Es war einmal vor nicht allzu langer Zeit, da schimpften sie Feministinnen prüde und frigide, wenn sie dem Sex, den sie nicht erfüllend fanden, entsagten. Das waren vor allem Männer. Heute heißt das „sex-negativ“ und kommt vor allem von Frauen, die sich absurderweise Feministinnen nennen. Alter Wein in neuen Schläuchen. In der Regel geht es um das Thema Prostitution, wenn dieses Wort bzw. sein Antidot fällt. Prosti… äh Sexarbeit heißt es heutzutage, sei eine „sex-positive“ Sache. Dann sollten wir vielleicht das Wort Sex definieren: Heißt das, zwei Menschen haben Bock auf einander und beide kommen auf ihre Kosten – im Sinne sexueller Befriedigung? Oder bedeutet Sex, dass Sexualität zur käuflichen Ware wird, die mehrheitlich Männer kaufen und Frauen verkaufen, bei der es um die sexuellen Wünsche des Zahlenden geht, während die Bezahlte ein Theater sexueller Lust vorspielt? Was an letzterem „positiv“ sein soll – außer vielleicht der Test auf mittlerweile antibiotikaresistente Gonokokken oder das HI-Virus –, erschließt sich uns nicht.
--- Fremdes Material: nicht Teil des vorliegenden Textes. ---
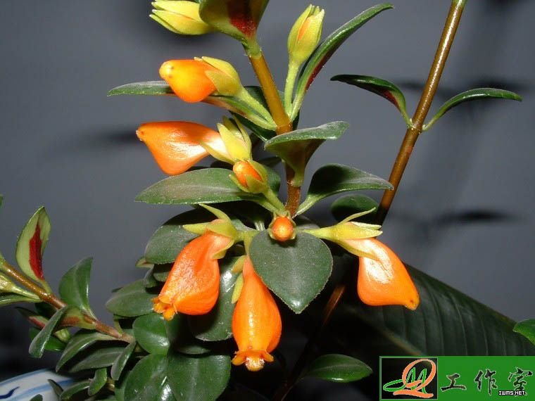 學 名: Nematanthus Cheerio 別 名: 金魚花、河豚花、親嘴花 科 屬: 苦苣苔科袋鼠花屬 類 別: 為Anigozanthos科多年生草本植物,常見的大概有11個品種。 形態特征 : 多年生常綠草本植物。葉革質,濃綠有光澤,葉片排列整齊緊湊;ㄉ冱S,花形奇特,中部膨大,兩端小,前有一個小的開口。 另外,還有一種袋鼠花,又名袋鼠腳爪,為石蒜科袋鼠花屬多年生草本植物,原產澳大利亞。葉叢生,線狀披針形,株高90厘米至150厘米。花序碩長,有花達15朵至20朵之多。花是金黃色、絨毛狀,仿佛一只只袋鼠的腳爪。 它的生長適溫為18℃至28℃,越冬溫度不得低于5℃。 原于中南美洲,目前市場上見到的多為園藝雜交種。 生長適溫為16℃至28℃,在30℃以上時,須加強遮陰通風,否則會出現落葉現象,越冬至少保持10℃以上。耐陰,適合在有散射光處,忌強光直射。 盆土表面干時澆透水,可經常向葉面及植株周圍噴水,增強空氣濕度,冬季減少澆水。 花后應將所有弱枝、頂枝以及過長的下垂枝修剪,入冬時對枯萎花莖從基部剪除,并保持干燥,有利于新花枝在翌春萌發生長。 在很多環境和土壤里都能生存,適應性較強。花期長,春天到夏天都能開花。 袋鼠花一般通過種子和分株來繁殖,但是有些品種只能靠組織培養來繁殖,用于商業上栽培的苗都是通過組織培養來繁殖的。 袋鼠花的形狀和顏色奇特已成為澳洲一種很有價值的栽培花卉,既適合私家花園種植,又是一種非常好的切花。 它們出口到全球很多地方,尤其是美國,以色列,日本等國家。 市農科院生物所2002從澳大利亞引進了4個袋鼠花品種,經過不到2年的研究和摸索目前已獲得成功,通過組織培養繁殖的植物經過1年的栽培開出了花朵,該品種的引種成功豐富我市切花的品種同時也為廣大花卉愛好者提供了一個嶄新的品種。目前該品種在中國種植還很少,屬于一種高檔切花品種。市場推廣潛力極大。
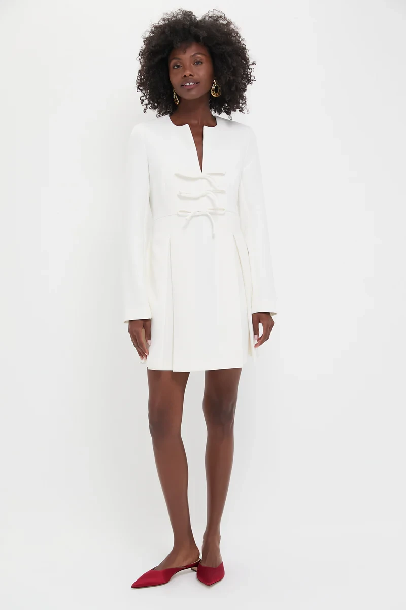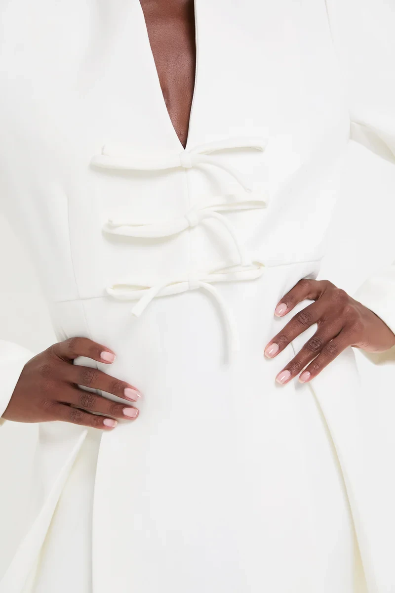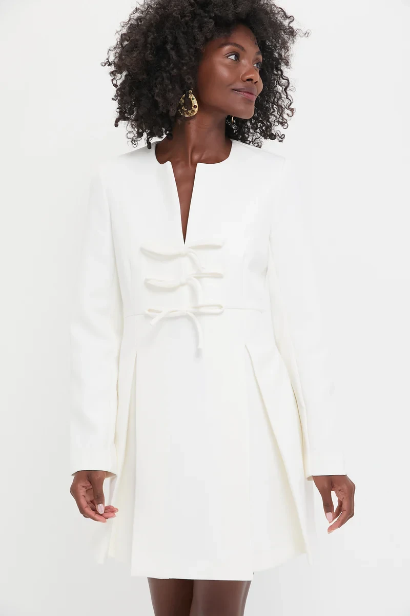 White Crepe Blair Bow Coat Dress

Prostitution als sexistischer Grundpfeiler des Patriarchats

Bei keiner anderen gewerblichen Tätigkeit gehören Geschlechtskrankheiten und Schwangerschaften bzw. Abtreibungen zum Berufsrisiko. Es gibt auch keine andere berufliche Tätigkeit – von Medikamententestern abgesehen –, die im Körper stattfindet, die ein derart einseitiges Geschlechterverhältnis zwischen Kundschaft und Anbietenden aufweist oder die Menschenhändlern Multimilliardengewinne beschert. Gibt es irgendwelche anderen Berufstätigen, deren Biographien derart gesäumt sind von Gewalterfahrungen und für die Drogenmissbrauch eine Grundvoraussetzung zur Berufsausübung darstellt? – Soldaten nach Kriegseinsätzen vielleicht. Und was sagt es uns, wenn in Militärstützpunkten als erstes eine Sex-Infrastruktur für die Soldaten eingerichtet wird? – Der (Ver-)Kauf der Sexualität, des intimen Kerns eines Menschen, ist das Gegenteil von „positivem“ Sex: Es ist die Benutzung eines fremden Körpers zur eigenen Befriedigung, eine bezahlte Vergewaltigung – der Gipfel des Kapitalismus, das Fundament des Patriarchats. Prostitution macht Frauen zu Huren und Heiligen, Männer zu triebgesteuerten Vergewaltigern ohne Kontrolle über sich – sie entmenschlicht. Egal, welchen Namen man ihr gibt.